Explorer, soldier, statesman, writer, key to the English Renaissance—Sir Walter Ralegh fashioned his life as a work of art.
Exposing the tensions and contradictions of Renaissance England, Stephen Greenblatt presents Sir Walter Ralegh as a symbol of his age. The interplay between life and art animated both his actions and his writing, and his dramatic life was his masterpiece. From the grim Tower of London to the swamps of Guiana, from the aging Queen Elizabeth’s court back to the Tower, Ralegh’s turbulent career reached its climax with his 1592 disgrace, which culminated in his 1603 conviction for treason and, ultimately, his execution. Blending historical, literary, and psychological insight, Greenblatt brings vivid detail and acute understanding to his twining of Ralegh’s life and work.

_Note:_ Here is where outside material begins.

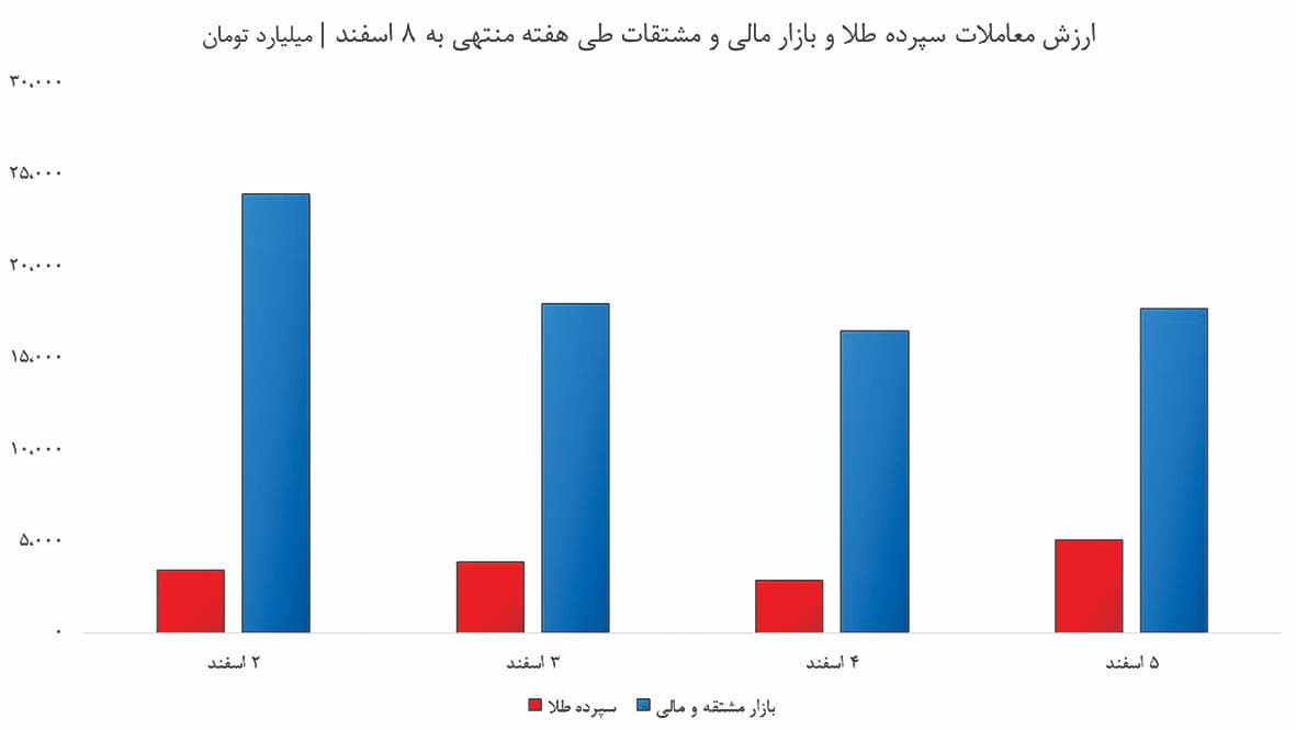 میانگین ارزش معاملات گواهی سپرده طلا در هفتهای که گذشت ۳هزارو۸۲۰میلیاردتومان برآورد میشود که در ۵اسفندماه به اوج خود در محدوده ۵هزارو۱۰۸میلیاردتومان رسید. در همین یک هفته بازار مشتقه و مالی ۱۹هزارو۶میلیاردتومان، گواهی زعفران ۱۰۳میلیاردتومان و گواهی شمش نقره ۸۱۹میلیاردتومان به طور میانگین ارزش معاملات داشتند.با یک مقایسه ساده میتوان متوجه شد که بازار مشتقه و مالی با میانگین ارزش معاملات ۱۹هزارو۶میلیاردتومانی در یک هفته حجم و قدرت بیشتری نسبت به گواهی سپرده طلا، نقره و زعفران دارد. بازار مشتقه و مالی در ۲اسفندماه بیشترین میزان ارزش معاملات را در محدوده ۲۳هزارو۹۵۳میلیاردتومان تجربه کرده است.

In Sir Walter Ralegh, written early in his scholarly career, Greenblatt sows the seeds of his most influential critical ideas—“self-fashioning” in the Renaissance and “the new historicism” as avenue of literary insight. In a revealing new introduction, he offers a glimpse of the personal intellectual journey that would lead him to such masterworks as Marvellous Possessions, Hamlet in Purgatory, Will in the World, The Swerve, and, most recently, Dark Renaissance—in which the character of Sir Walter Ralegh stages a memorable reappearance in the life of Christopher Marlowe.